How to Accept an Ad Hoc Early Payment Offer

  1. Log in to your Ariba Supplier Account
    1. Go to login page
    2. Log in with your company’s Ariba Network credentials
    Not sure what they are? Search for your company here. Then select Actions > Contact Admin to email the person at your company who is managing access.
  2. Add the email of your early payment decision maker to receive notifications/updates on standing offers
    1. Once you’re logged into your homepage, locate the Administration Drop Down Menu in the upper right corner of the screen
    2. From this menu, select Accelerated Payments in the Network Settings section
      If you do not have this option, the access granted by your account administrator needs to be modified.

      Contact your account administrator to either perform the steps noted on this page, or they can add access to allow you to perform the tasks. See how to add discount access here.

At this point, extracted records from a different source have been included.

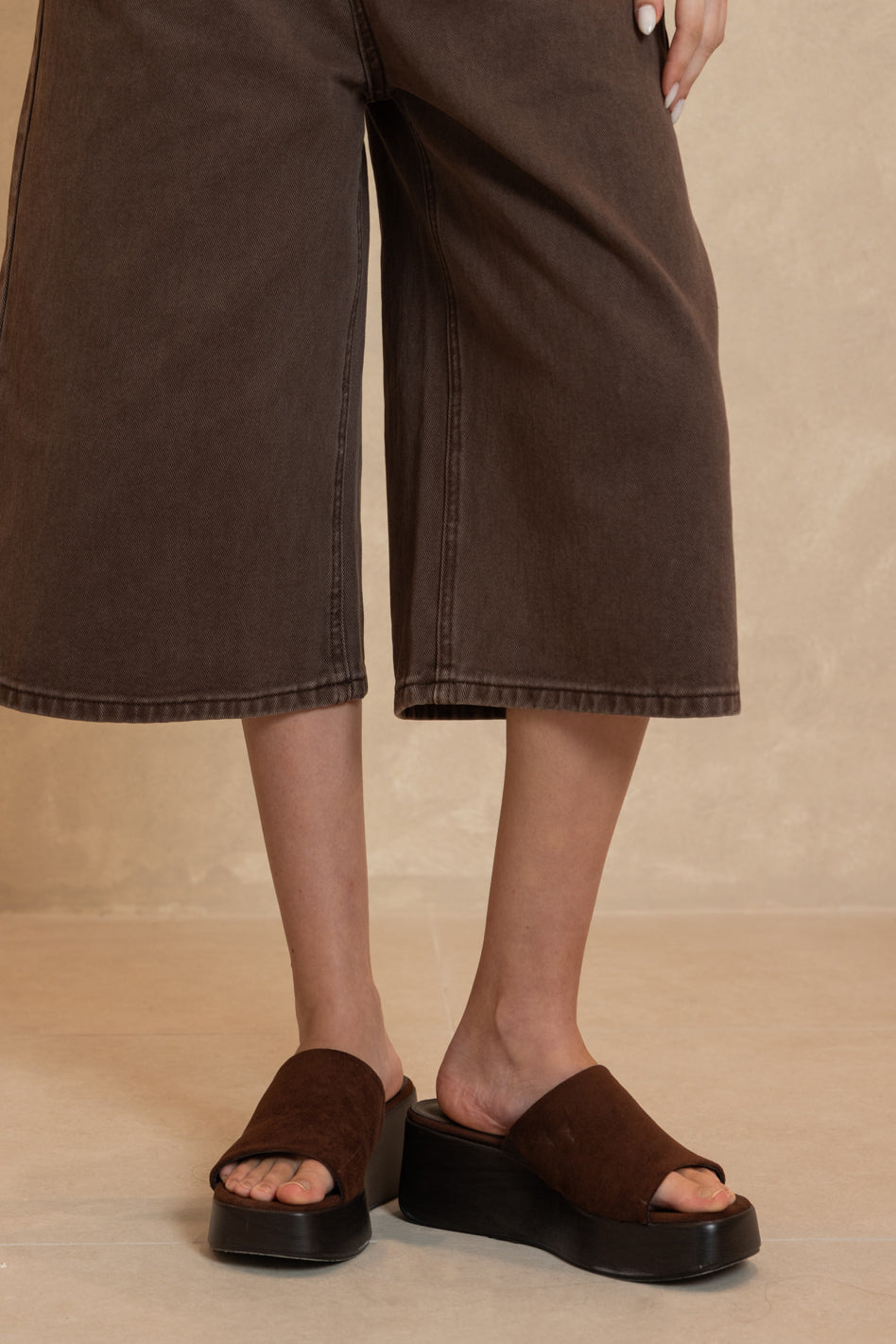 כפכפים בגוון חום עם פלטפורמה ורצועה רחבה בחלק הקדמי. נוחים ללבישה ומתאימים לשילוב יומיומי.
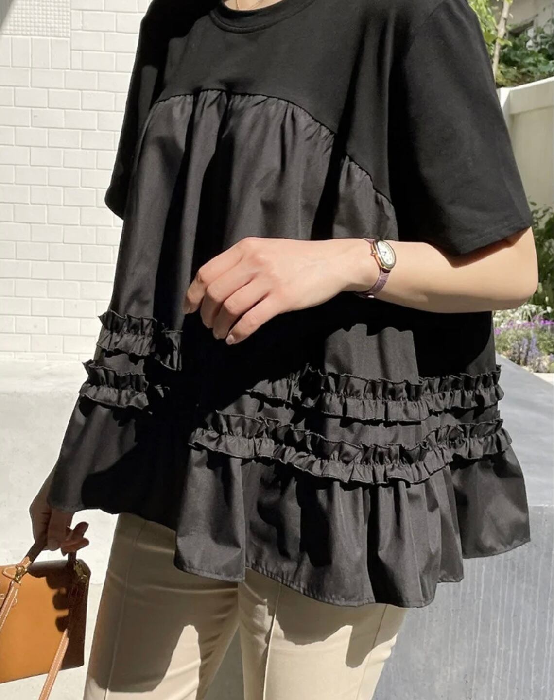 着丈69㎝ 肩幅45㎝ 袖丈23㎝ 胸囲120㎝ 裾幅87㎝
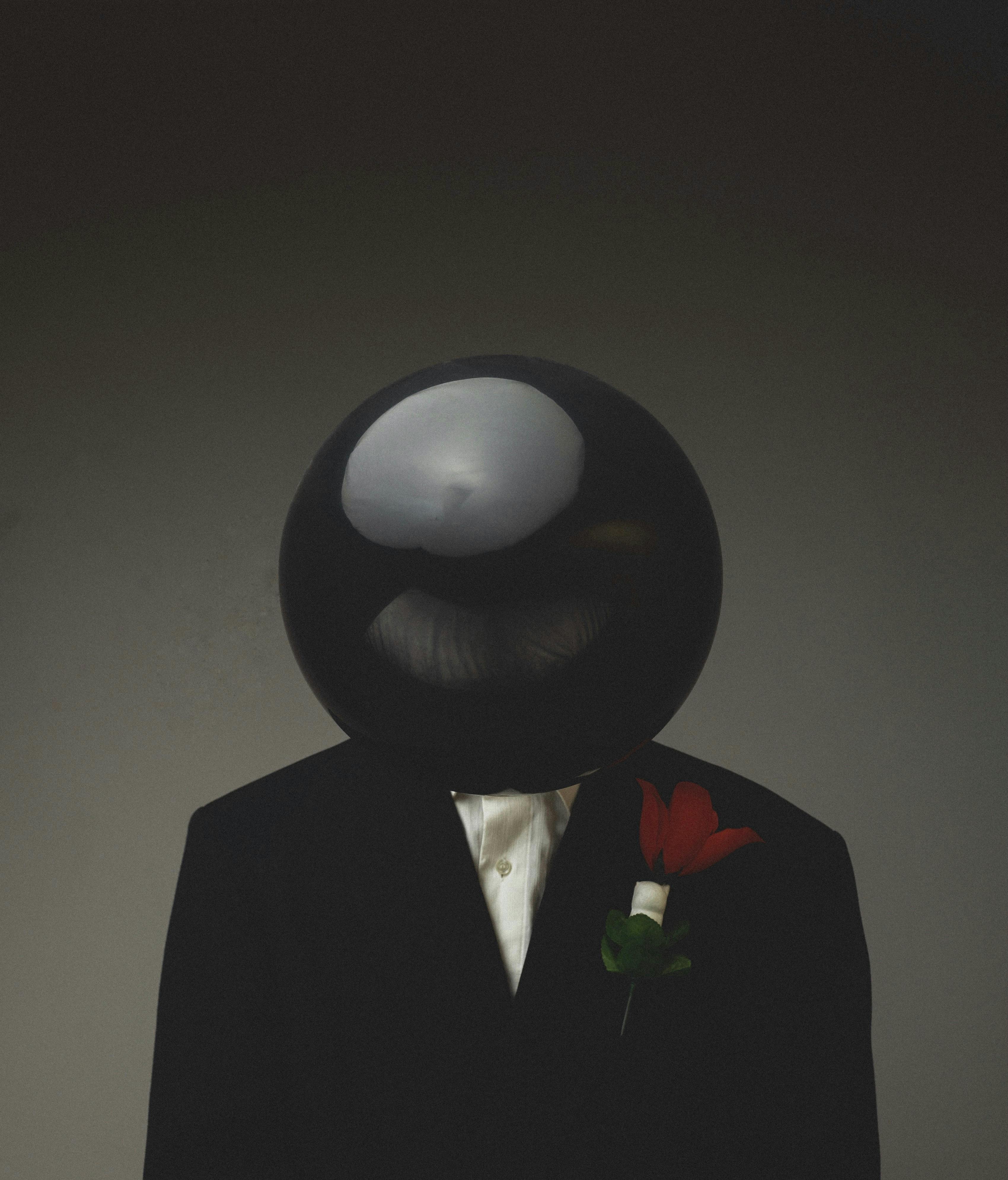 He wore his secrets like a polished helmet. A gleaming black orb sat atop his suit, catching every stray beam. He offered a vibrant red flower, a singular, quiet confession without a face.
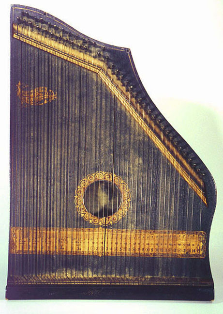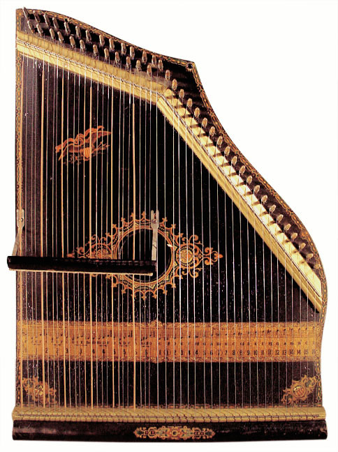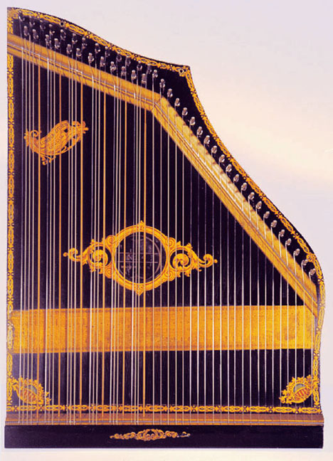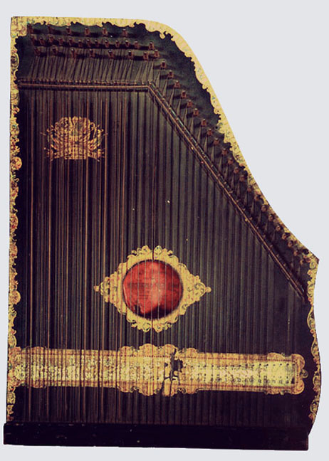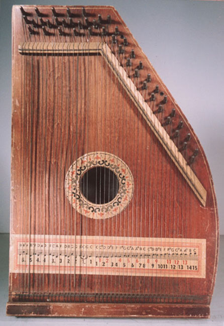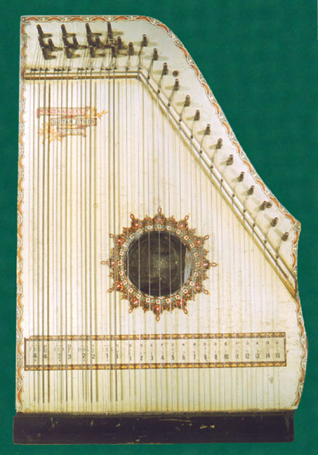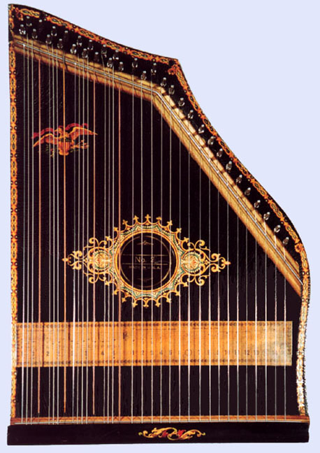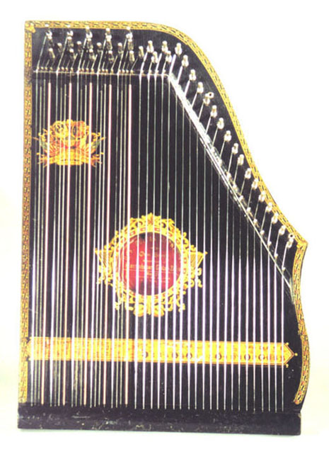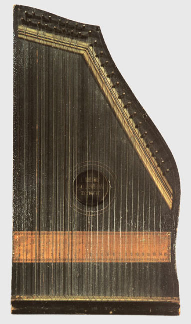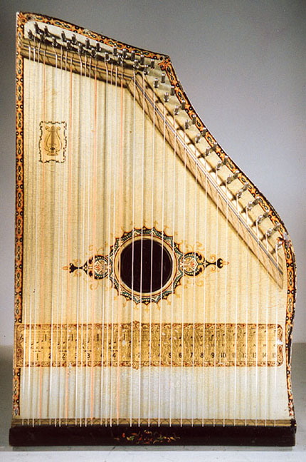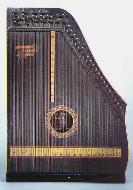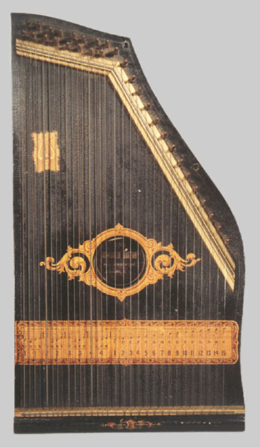 9-chord zitherA 9-chord zither model, the largest of chord-zithers, was also made by Menzenhauer. This model and the 7-chord No. 4 are equipped with two sound holes. |
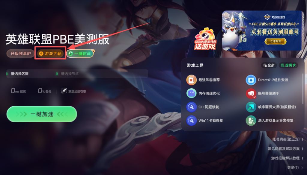 打开奇游加速工具之后,接着搜索“PBE美测服”,点“一键加速”。手机党也有福利,奇游有手机加速版,加速页面能轻松切换,扫码就能得到 APP,随时随地加速都不会掉线。
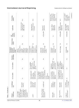 3D printing method N/A N/A N/A Extrusion-type 3D printing with a precision three- axis positioning system N/A Liquid-in-liquid direct writing (hydrogel in a water bath) (Continued...)
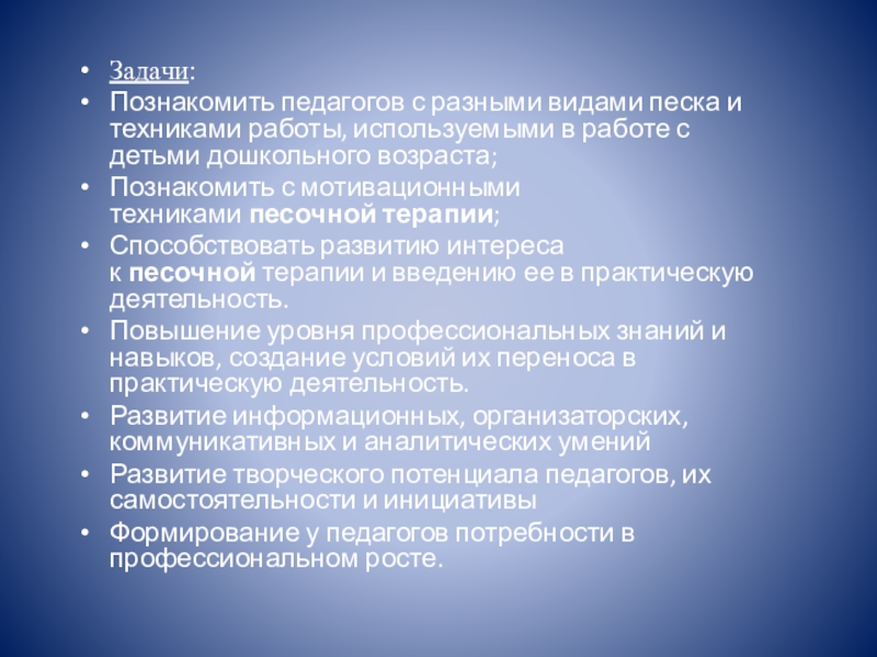 Задачи:Познакомить педагогов с разными видами песка и техниками работы, используемыми в работе с детьми дошкольного возраста;Познакомить с
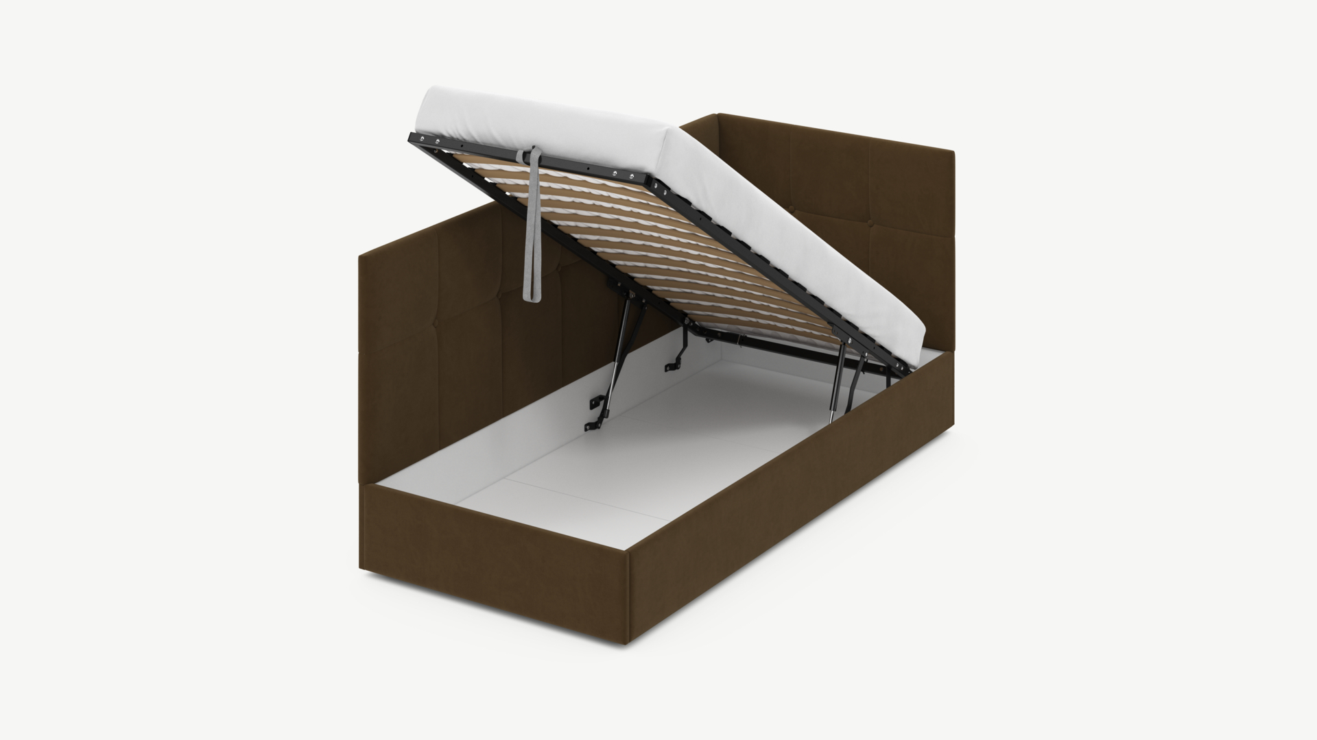 • Скрытая под основанием вместительная емкость без внутренних перегородок позволяет использовать всю площадь подкроватного пространства для хранения вещей.
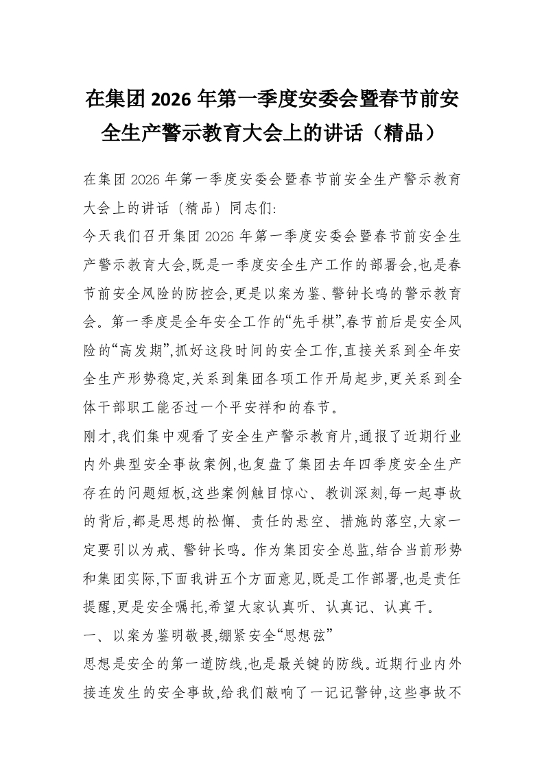 首页学习提升在集团2026年第一季度安委会暨春节前安全生产警示教育大会上的讲话(精品)
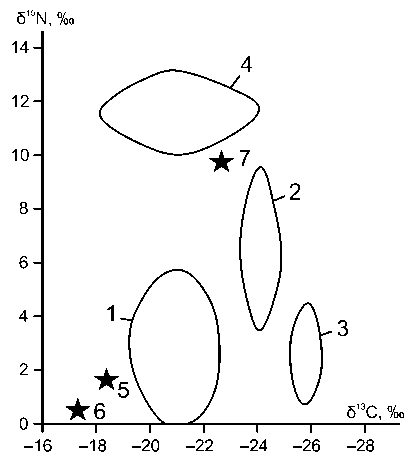 Рис. 15 , Статистика изотопного состава углерода и азота в органическом веществе мочевых камней и образцах мочи: 1 — мочевые камни; 2 — моча пациентов с мочекаменной болезнью; 3 — моча пациентов с хроническим пиелонефритом; 4 — кости человека; 5—7 — мочевые камни сульфатно-уратно-фосфатные (5), уратно-суль-фатно-фосфатные (6) и опал-фосфатные (7) (по: Силаев, Кокин, 2021)
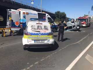 Ha sido a las 16,40 horas de este viernes cuando un turismo que circulaba por la A-4 en dirección al aeropuerto, por razones que se desconocen en este momento, se ha salido de la vía y, tras romper las barreras de protección, ha caído sobre la rotonda del Parque Alcosa.
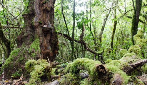 © doris oberfrank-list, Fototapeta premium La Gomera: Fruchtbarer, grüner, feuchter Nebelwald mit Bäumen, Farnen und Moos :)

      Access should be granted for Inbox and Supplier Discount Administrator.
    3. In the Notifications section, enable discount notifications by checking both boxes
    4. Once the check-mark is present, enter the email address of the person or group where the notification should be sent
      Both notifications should be checked and email entered to receive
      communication from Google in the future.
    5. Select Save
      You can enter up to three different email addresses per notification. Separate the emails with a comma (no space).
  3. Once your next eligible invoice is approved, the contact in step #2 will receive a notification that an ad hoc offer is available to accept
    1. Once an invoice is approved and becomes eligible for early payment, a notification will be automatically sent
    2. Select the View early payment offer on the email to open the offer on your Ariba Supplier Account
    If you have an enterprise account, you can skip this step and log into your account directly. Select Inbox then Scheduled Payments and finally one of the Payment Proposals to navigate to the screen show in the next step.
  4. Review and accept the ad hoc offer in your Ariba Account
    1. Review the possible payment dates and discount amounts
      The Settlement Date is the date when you can actually expect to receive Google’s payment.
    2. Select the date you would like to be paid
    3. Select Accept Early Payment Offer

More Questions?

Review our FAQs on the Supplier Help for more details.

Setting Up Ad Hoc (Buyer-Initiated) Offer Auto-Acceptances
With below video you will learn how to set up auto acceptance.Supplier Auto Acceptance Setup
 
Setting up Supplier User to Accept Discount Offers
With below video you will learn how to approve standing early payment terms as well as how to accept early payment offers.
Setting up Supplier User to Accept Discount Offers
 
How to set up Early Payment Notifications
With below video you will learn how to set up early payment notifications.Setting up Early Payment Notifications 1
 

Early Payment Program - Sliding Scale Example


In the case of a 2% discount, if the 15-day discount term is not met, the discount is calculated on a pro-rated scale and will decrease proportionally, according to the date the payment is made.

Example: if the invoice is approved after the initial 15 days but before the 45th day deadline, say, on the 20th day, the discount will change proportionally; in this example, to 1.66%.